Given \( \frac{dV}{dt} = 12 \) and \( h = 4 \):
\( 12 = 36\pi (4)^2 \frac{dh}{dt} \).
\( 1 = 3\pi (16) \frac{dh}{dt} \Rightarrow \frac{dh}{dt} = \frac{1}{48\pi} \) cm/s.
Q15
The total cost \( C(x) \) in Rupees associated with the production of \( x \) units of an item is given by \( C(x) = 0.007x^3 - 0.003x^2 + 15x + 4000 \). Find the marginal cost when 17 units are produced.
Solution:
Marginal Cost \( MC = \frac{dC}{dx} \).
\( MC = \frac{d}{dx}(0.007x^3 - 0.003x^2 + 15x + 4000) \)

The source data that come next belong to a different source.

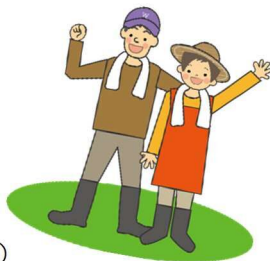
（みわだいファーム・トマトの会）

お問い合わせ先：みわだいファーム・トマトの会（TEL 092-607-0294 美和台公民館内）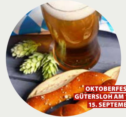
OKTOBERFEST IN GÜTERSLOH AM 14. UND 15. SEPTEMBER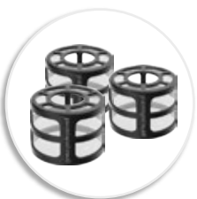
3 запасных фильтра

\( = 0.021x^2 - 0.006x + 15 \).
When \( x = 17 \):
\( MC = 0.021(17)^2 - 0.006(17) + 15 \)
\( = 0.021(289) - 0.102 + 15 \)
\( = 6.069 - 0.102 + 15 \)
\( = 20.967 \).
Q16
The total revenue in Rupees received from the sale of \( x \) units of a product is given by \( R(x) = 13x^2 + 26x + 15 \). Find the marginal revenue when \( x = 7 \).
Solution:
Marginal Revenue \( MR = \frac{dR}{dx} \).
\( MR = \frac{d}{dx}(13x^2 + 26x + 15) = 26x + 26 \).
When \( x = 7 \):
\( MR = 26(7) + 26 = 26(7 + 1) = 26(8) = 208 \).
Q17
The rate of change of the area of a circle with respect to its radius \( r \) at \( r = 6 \) cm is
(A) \( 10\pi \) (B) \( 12\pi \) (C) \( 8\pi \) (D) \( 11\pi \)
(A) \( 10\pi \) (B) \( 12\pi \) (C) \( 8\pi \) (D) \( 11\pi \)
Answer: (B)
Solution:
\( A = \pi r^2 \Rightarrow \frac{dA}{dr} = 2\pi r \).
At \( r = 6 \): \( \frac{dA}{dr} = 2\pi(6) = 12\pi \).
Q18
The total revenue in Rupees received from the sale of \( x \) units of a product is given by \( R(x) = 3x^2 + 36x + 5 \). The marginal revenue, when \( x = 15 \) is
(A) 116 (B) 96 (C) 90 (D) 126
(A) 116 (B) 96 (C) 90 (D) 126
Answer: (D)
Solution:
\( MR = \frac{dR}{dx} = 6x + 36 \).
At \( x = 15 \):
\( MR = 6(15) + 36 = 90 + 36 = 126 \).